Your answer should consist only of the lines below from the one with "Mariana Khapko, an" through the one with "Thông số kỹ thuật của van bi gang TL22", copied exactly.

▸ **Data to process**
▼

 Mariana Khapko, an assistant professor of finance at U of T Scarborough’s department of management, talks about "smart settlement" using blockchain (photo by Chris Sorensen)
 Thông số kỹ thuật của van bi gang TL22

▲
▼

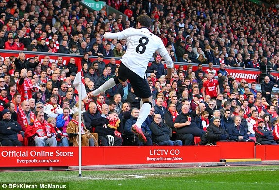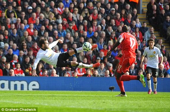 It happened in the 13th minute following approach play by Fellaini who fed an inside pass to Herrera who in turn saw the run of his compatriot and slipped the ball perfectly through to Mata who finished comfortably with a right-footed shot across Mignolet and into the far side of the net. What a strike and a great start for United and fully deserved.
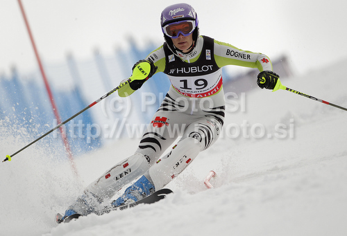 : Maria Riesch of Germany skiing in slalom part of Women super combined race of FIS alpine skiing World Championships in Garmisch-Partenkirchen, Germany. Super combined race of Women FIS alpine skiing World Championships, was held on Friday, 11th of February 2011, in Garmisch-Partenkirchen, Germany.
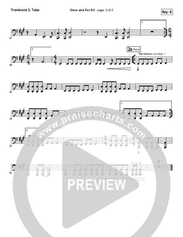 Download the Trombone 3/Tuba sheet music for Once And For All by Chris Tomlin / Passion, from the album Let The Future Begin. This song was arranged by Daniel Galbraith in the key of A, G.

▲

▸ **Exercise output**
 Mariana Khapko, an assistant professor of finance at U of T Scarborough’s department of management, talks about "smart settlement" using blockchain (photo by Chris Sorensen)
 Thông số kỹ thuật của van bi gang TL22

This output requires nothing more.